Fortunately, there are several projects that are expanding the limits on both fronts.

When it comes to the privacy of transaction graphics, solutions such as P2EP and CheckTemplateVerify are interesting because privacy becomes a byproduct of efficiency. As novel approaches to CoinJoin, these solutions can increase the adoption of private transactions by users that are motivated only by lower transaction fees. Like CoinJoins, your privacy guarantees remain suboptimal, but amounts sent without shielding can be beneficial, as they preserve the suitability of the Bitcoin supply.

If lower transaction fees become a motivator and lead to an increase in the set of Bitcoin anonymity (the percentage of UTXO that are CoinJoin products), anonymization through statistical analysis will be even more subjective than It is already.
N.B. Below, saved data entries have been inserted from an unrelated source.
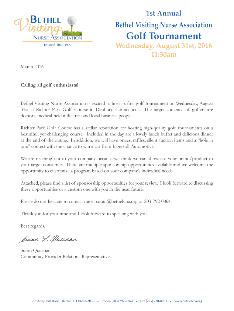 Trusted Since 19271st AnnualBethel Visiting Nurse AssociationGolf Tournament Wednesday, August 31st, 2016
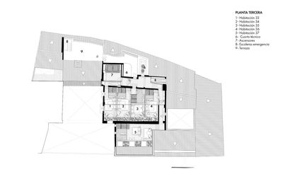 诺比斯帕尔马酒店独特的阁楼空间,通常依赖天窗采光,而此次改造则通过在屋顶开设露天庭院来重新引入光线。这些花园空间既引入了自然光和植被,又避免了马略卡岛过度的太阳热。在整个建筑中,任何新的改造都设计为可逆的,且与原始结构清晰可辨。
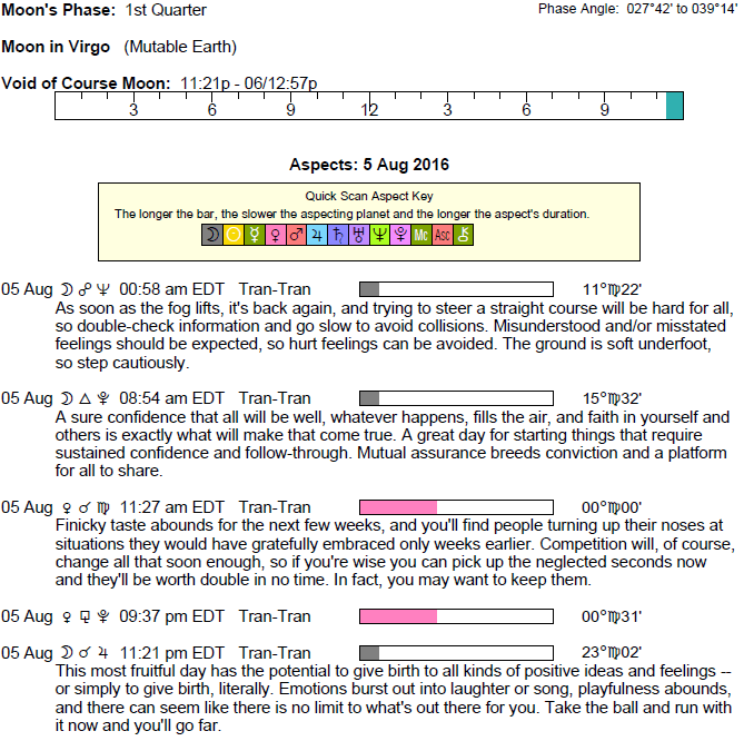 - The Moon is in Virgo all day (until Saturday, August 6th, at 12:56 PM).
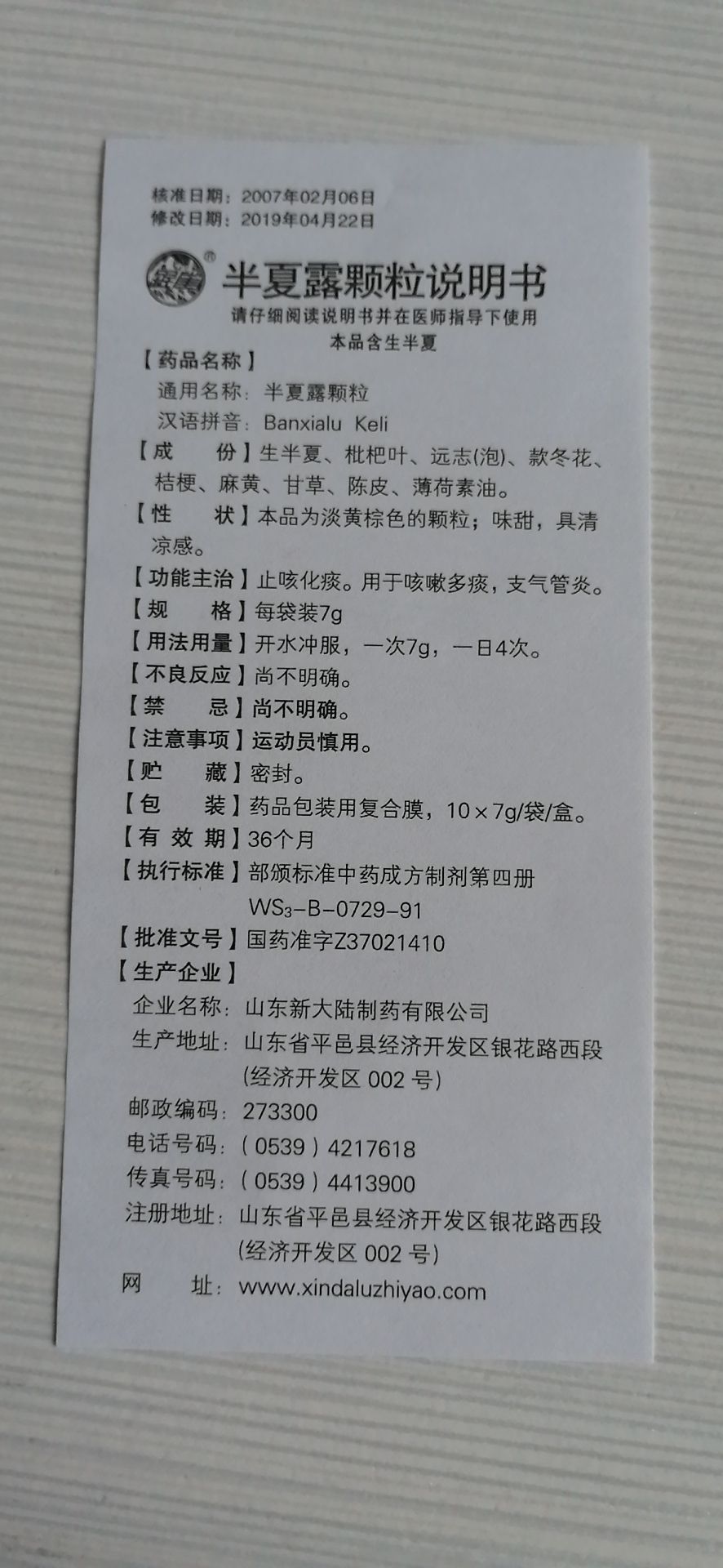 | 補充說明 | 成份:***、枇杷葉、遠志(泡)、款冬花、桔梗、麻黃、甘草、陳皮、薄荷素油。br /br /性狀:本品為淡黃棕色的顆粒;味甜,具清涼感。br /br /用法用量:開水沖服,一次7g,一日4次。 |

There has also been considerable progress in the privacy of P2P communications, with protocols such as Dandelion being tested through crypto networks. Another notable development is Erlay, an alternative transaction retransmission protocol that increases the efficiency of private communications and reduces the overhead of running a node. Play is an important improvement since its efficiency gains allow more users to more easily complete the IBD and continuously validate the chain, especially in countries where ISPs impose bandwidth caps.

It’s just the beginning

These examples are just a handful of initiatives at stake to transform the Bitcoin framework. Bitcoin, in its entirety, is a constantly evolving set of protocols. While the evolution within a relatively strict set of rules and values ​​can be a challenge for developers, the layered approach we have seen unfolding is what makes a gradual and effective change possible. Minimizing politicization within Bitcoin and protecting its fundamental monetary properties are necessary parts of the process. The developers are learning to work within these limits in a meaningful way.